CFM, cefixime; CDN, cefditoren; CRO, ceftriaxone; MPM, meropenem; IPM, imipenem; DOR, doripenem; BPM, biapenem; FPM, faropenem; MIC, minimum inhibitory concentration; MLST, multilocus sequence types; NG-STAR, N. gonorrhoeae sequence typing for antimicrobial resistance; NG-MAST, N. gonorrhoeae multiantigen sequence types; NA, not available.

MLST, NG-MAST, and NG-STAR

By whole-genome sequencing, we identified eight MLST types, 17 NG-MAST types, and 17 NG-STAR types among the isolates (Table 1).
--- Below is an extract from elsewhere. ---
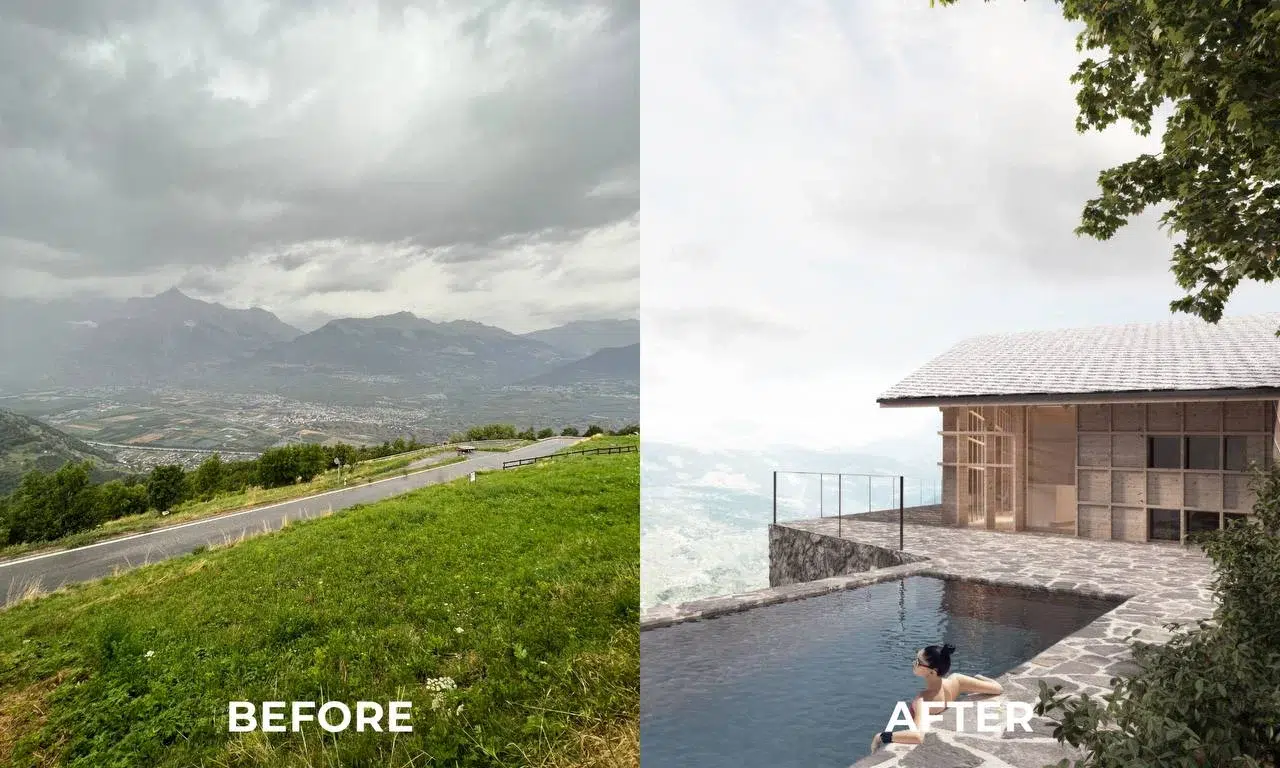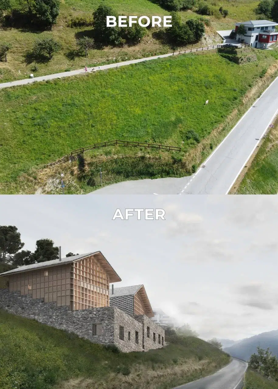 Le site est situé dans le petit village suisse de Veysonnaz, sur la rive droite du Rhône, offrant une vue imprenable sur la vallée du fleuve et les Alpes bernoises. Le principal défi de ce terrain est son emplacement sur un versant ouest escarpé ; nous avons donc dû trouver une solution qui offrirait aux résidents des bâtiments une vue magnifique le soir, tout en garantissant que les locaux ne soient pas surchauffés par le soleil intense de l'après-midi.

In cephalosporin-resistant isolates, MLST ST7363 was the most common (five isolates), and these were divided into three NG-MAST types (ST5308, ST6778, and ST9551) and three NG-STAR types (ST348, ST1229, and ST1236). MLST ST1901 was shared in cephalosporin-susceptible and -resistant isolates (four isolates each) and consisted of different NG-MAST and NG-STAR types. MLST ST1588 was found in three susceptible and two resistant isolates, and the NG-MAST types of susceptible strains were different. The NG-STAR types were varied in cephalosporin-susceptible isolates, while some common NG-STARs (NG-STAR ST22, 348, 1229, and 1242) were found in cephalosporin-resistant isolates (Table 1). NG-STAR ST1229, ST1231, ST1236, ST1240, ST1242, and ST1243 were submitted as new types in this study.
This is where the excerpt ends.